Falling tariffs and inadequate investment will put domestic pharmaceutical manufacturers under significant pressure when the TPP comes into being.
Tariffs on pharmaceuticals imported into Vietnam will be cut from 2.5 per cent to 0 per cent when the TPP comes into effect, putting domestic enterprises under intense competitive pressure.
Vietnamese people generally have a preference for foreign pharmaceuticals, according to Mr. Le Van Truyen, former Deputy Minister of Health. The arrival of major global pharmaceutical companies in Vietnam will create problems for local enterprises, with some likely to be forced out of the market.
Market research released recently by Business Monitor International shows that Vietnam ranks 13th among 175 countries with the highest growth in medicine spending; evidence of the sector’s potential. Foreign pharmaceutical enterprises dominate the market, accounting for 60-70 per cent.
Pharmaceuticals produced by local enterprises used in central hospitals account for about 12 per cent in value terms and around 40 per cent nationwide, Mr. Truyen said.
According to the United Nations Industrial Development Organization (UNIDO), Vietnam’s pharmaceutical industry is around Level 3 in its five-level rating scale for development.
Local pharmaceuticals account for only 0.11 per cent of the total revenue in the industry. There are 121 domestic pharmaceutical production plants, 61 local companies producing herbal medicines, and 130 local facilities registered as household businesses producing herbal medicines. Almost all are small-scale in terms of both financial resources and human resources.
Pharmaceutical procurement will be publicly organized when the TPP begins, according to Mr. Nguyen Thanh Binh, General Director of the Hanoi CPC1 Pharmaceutical JSC (CPC1 Hanoi). Foreign pharmaceutical enterprises, therefore, will have equal status at auctions. “Local enterprises will lose out as the country’s pharmaceutical industry is weak and heavily dependent upon imported raw materials,” Mr. Binh said.
The TPP will also boost growth in Vietnam’s pharmaceutical sector by some 20 per cent per year from now to 2017, with pharmaceutical spending per capita of about $200 per year, Mr. Binh added.
It will also extend copyright protection for drugs (from five to ten years) and after that restrict local businesses from accessing and producing new medicines. This will present a major challenge for local enterprises as most of their existing products are generic drugs.

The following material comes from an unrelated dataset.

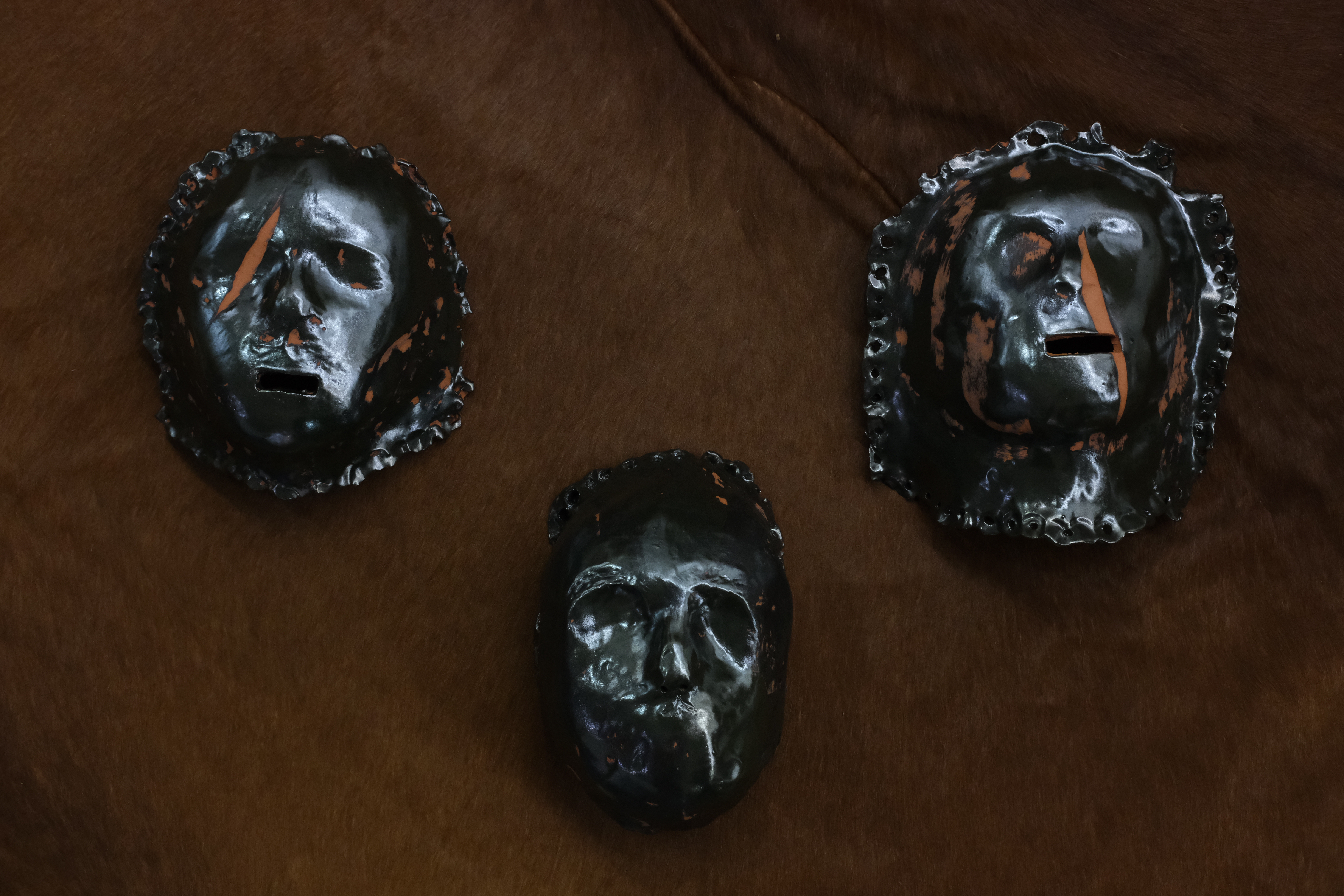 The Ruux Kholvawala or ‘Soul Openers’ are 3 ceramic masks handmade by DARCH. They take inspiration from ceremonial masks and are used to communicate with the spirits of earth to translate their pain, grief, joy and teachings to the human world. In performances one mask is worn by Umulkhayr, one by and Radha and the other is offered to the spirits. In this way, we challenge and reject a common narrative in climate activism that the Earth needs 'saving' or that the duty of humans is to ‘save’ the Earth. Instead we believe that we must respect the Earth’s agency by first asking what it wants and respond to its needs before making assumptions.

The major challenge for local enterprises is that Vietnamese people prefer imported pharmaceuticals, according to Ms. Tran An Khanh, Deputy Head of the Business Department of Central Pharmaceutical Company No. 1 (CPC1). In addition, per capita incomes are likely to increase, creating a greater shift towards foreign pharmaceuticals.

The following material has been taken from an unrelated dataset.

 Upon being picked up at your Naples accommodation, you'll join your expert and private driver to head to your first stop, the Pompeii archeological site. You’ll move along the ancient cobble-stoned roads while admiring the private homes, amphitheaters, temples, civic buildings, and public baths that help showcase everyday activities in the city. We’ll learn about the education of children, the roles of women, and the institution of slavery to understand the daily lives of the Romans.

Its heavy dependence on imported raw materials is also a major issue for the domestic industry. Imports of raw materials in the first seven months of this year reached $199.4 million, primarily from China, which accounted for 56.6 per cent. “This is a big challenge for local enterprises, which have not paid sufficient regard to investing in advanced technologies and depend heavily on imports,” Mr. Binh said. “If Vietnam does not adopt special measures, foreign pharmaceutical companies will gain an even larger market share.”
The risk of losing market share is exacerbated by the fact they do not work together.
To seize the opportunities brought by the TPP domestic pharmaceutical enterprises need to upgrade their manufacturing plants to reach international standards such as PIC/S-GMP and EU-GMP.
The DHG Pharmaceutical JSC has completed the construction of a new pharmaceutical manufacturing plant, and Imexpharm has also built a new penicillin factory in southern Binh Duong province. Hanoi Pharma JSC, meanwhile, has invested tens of millions of dollars in a production line for plastic injection tubes and distilled water with Blow-Fill-Seal (BFS) technology.
Although local enterprises see many disadvantages heading their way, Mr. Truyen believes they are ready for the upcoming race. Most have plans for feasible production and business and have invested in advanced production lines to produce high-quality products, he added. This also contributes to realizing the target contained in the National Strategy for the Pharmaceutical Industry Development to 2020 and Vision to 2030, approved by the government, of local manufacturers accounting for 80 per cent of the market.